The chip was immersed in a high-temperature solder bath at ℃ to connect the external lead wire and the silver electrode. Thereafter, the tape was peeled off, and the flux was washed to produce the device shown in the figure. In the same manner, an element using a high-temperature solder having a melting temperature of 265 ° C. and an element using a eutectic point solder having a melting temperature of about 183 ° C. were prepared. Also, tape the exposed surface of the electrode to 4mmφ,
In a similar manner, devices using high-temperature solder having melting temperatures of 227 ° C., 265 ° C., and 183 ° C. and eutectic point solder were similarly prepared. For comparison, the melting temperature was 227 ° C, 26 ° C over the entire electrode surface.
Devices using 5 ° C, 183 ° C high-temperature solder and eutectic solder were also fabricated.

A resin mold was applied to each of the nine types of elements so that creeping discharge did not easily occur, and a waveform of 8/20 μs was applied at intervals of 2 minutes.
Each time, a surge voltage was applied in the same direction, the rise voltage (V ₁ mA) of the element was measured, and the rate of change from the initial measured value was calculated by the following equation.

The peak value of the surge current was gradually increased until the element was destroyed, and the rate of change was calculated each time. When a surge voltage is applied, a polarity may be generated in the element. Therefore, a rising voltage when a current of 1 mA is applied in a direction opposite to the surge voltage application direction was measured, and a change rate was calculated based on this value.

 Table 1 shows the preparation conditions for each sample.

Table 2 shows the relationship between the peak value of the surge current and ΔV ₁ mA.

As can be seen from Table 2, the smaller the area of the partial connection of the solder, the less the electrode peels off, and the higher the melting temperature of the solder, the more difficult it is for the element to be damaged by damage to the mold. Also, when the high-temperature solder or the small diameter partial bonding method is used, the change rate of ΔV ₁ mA is small.

Note that this time, the method of spot bonding was to use a method of applying a tape. However, the same effect can be obtained when a soldering iron is used or when a solder resist to which the tape is relatively hard to adhere is applied. Can be obtained.

(Effect of the Invention) According to the present invention, by using a high-temperature solder having a melting point higher than that of a eutectic point solder and performing spot connection, the breakdown limit of the element due to surge is increased, and the rate of change of the rise voltage is reduced. A highly reliable zinc oxide varistor excellent in small surge voltage resistance can be obtained, and its practical effect is great.

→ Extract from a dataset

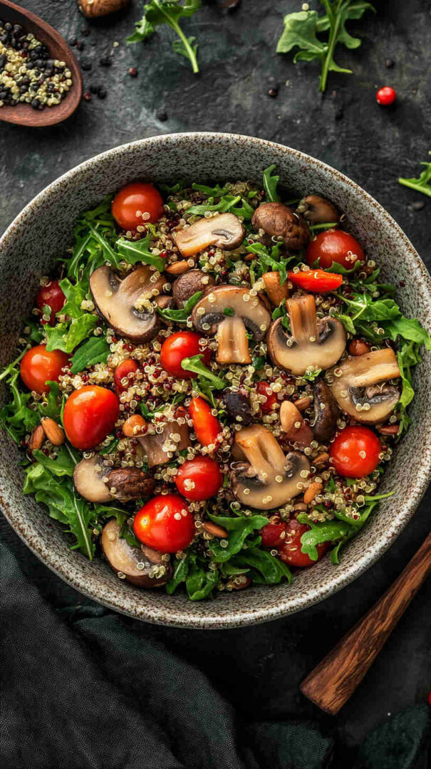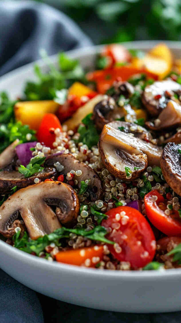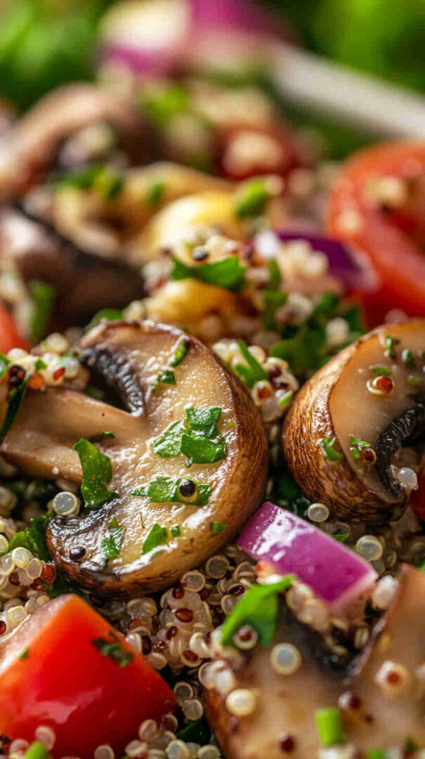 - Taste one last time—adjust salt, pepper, or a squeeze more lemon if desired. Transfer to a serving platter or individual bowls, sprinkle with hemp seeds or toasted pine nuts if using, and enjoy this fresh, protein-packed, earthy vegetarian mushroom quinoa salad at room temperature or chilled!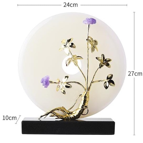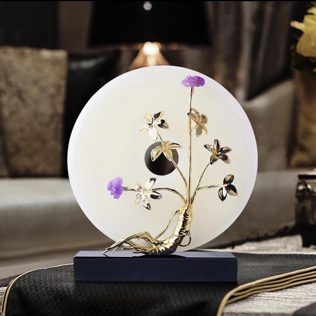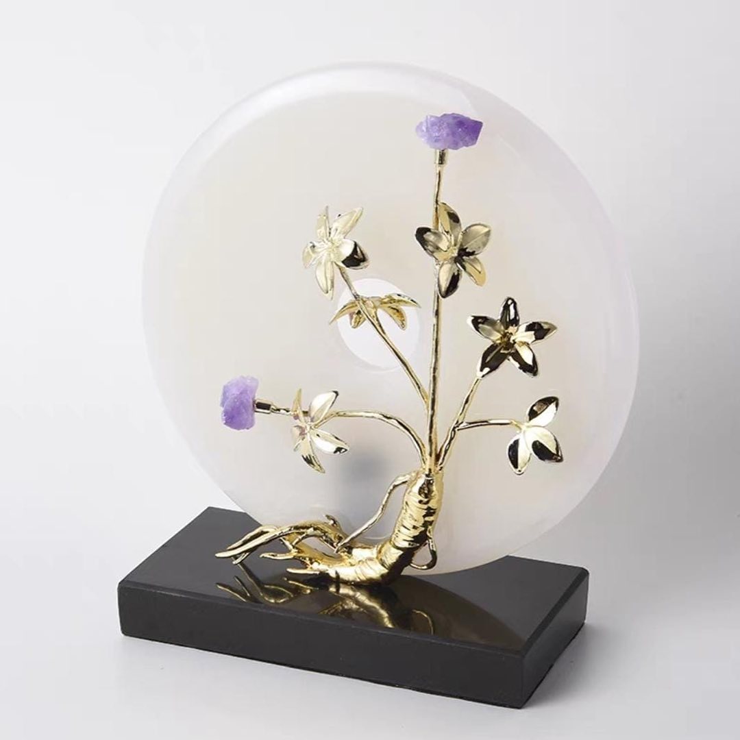 Легендарный предмет силы и одновременно – роскошный декор для украшения вашей гостиной, спальни или кабинета. Диск/кольцо суйсеки из натурального нефрита, благородной латуни и аметиста. Очаровательная вариация с изящным «женьшенем». Считается, что суйсеки обладает мощными и позитивными сакральными, защитными и медитационными функциями.

[Brief description of the drawings]

FIG. 1 is a plan view of a zinc oxide type varistor according to one embodiment of the present invention. 1 ... Sintered body, 2 ... Electrode, 3 ... High temperature solder, 4 ... External lead wire.

 ──────────────────────────────────────────────────続 き Continuation of front page (56) References JP-A-61-180402 (JP, A) JP-A-51-22739 (JP, U) JP-B-47-25953 (JP, B1)

Claims (1)

(57) [Claims] An electrode provided on both sides of a sintered body and a lead wire for drawing out to the outside are made of a high-temperature solder having a melting point of 227 ° C. to 265 ° C. and 6.25% to 25% of the electrode diameter. A disk-type zinc oxide varistor with a varistor voltage of 150 V or more, characterized in that the varistor voltage is 150 V or higher, after partially connecting the area of the varistor.